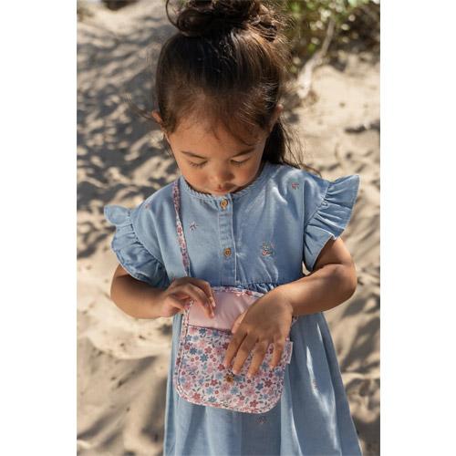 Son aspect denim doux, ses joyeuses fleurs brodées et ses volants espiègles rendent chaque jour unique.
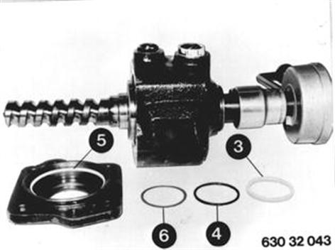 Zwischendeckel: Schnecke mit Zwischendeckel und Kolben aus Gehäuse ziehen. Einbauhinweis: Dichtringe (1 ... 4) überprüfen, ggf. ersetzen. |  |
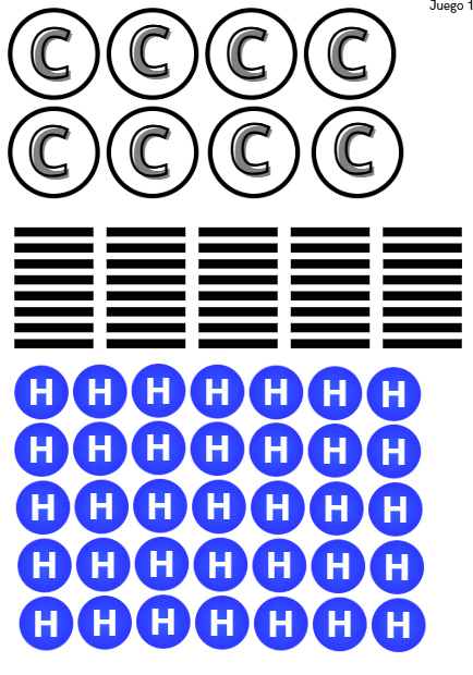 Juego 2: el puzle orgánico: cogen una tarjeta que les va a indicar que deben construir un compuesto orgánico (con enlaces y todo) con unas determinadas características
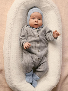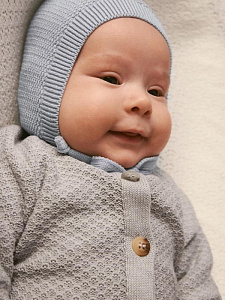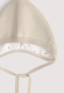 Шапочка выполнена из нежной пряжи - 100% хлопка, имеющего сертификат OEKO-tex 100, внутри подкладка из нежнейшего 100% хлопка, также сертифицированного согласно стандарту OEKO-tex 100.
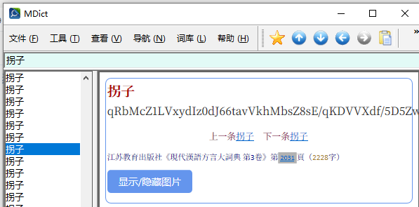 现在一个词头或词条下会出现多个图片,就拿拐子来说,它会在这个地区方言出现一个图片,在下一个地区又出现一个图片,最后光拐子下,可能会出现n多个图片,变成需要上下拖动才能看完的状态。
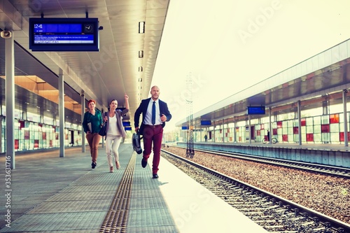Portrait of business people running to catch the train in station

--------

Your assignment: An exact, image-free transcript of the material is required.

Task solution:
 Son aspect denim doux, ses joyeuses fleurs brodées et ses volants espiègles rendent chaque jour unique.
 Zwischendeckel: Schnecke mit Zwischendeckel und Kolben aus Gehäuse ziehen. Einbauhinweis: Dichtringe (1 ... 4) überprüfen, ggf. ersetzen. |  |
 Juego 2: el puzle orgánico: cogen una tarjeta que les va a indicar que deben construir un compuesto orgánico (con enlaces y todo) con unas determinadas características
 Шапочка выполнена из нежной пряжи - 100% хлопка, имеющего сертификат OEKO-tex 100, внутри подкладка из нежнейшего 100% хлопка, также сертифицированного согласно стандарту OEKO-tex 100.
 现在一个词头或词条下会出现多个图片,就拿拐子来说,它会在这个地区方言出现一个图片,在下一个地区又出现一个图片,最后光拐子下,可能会出现n多个图片,变成需要上下拖动才能看完的状态。
Portrait of business people running to catch the train in station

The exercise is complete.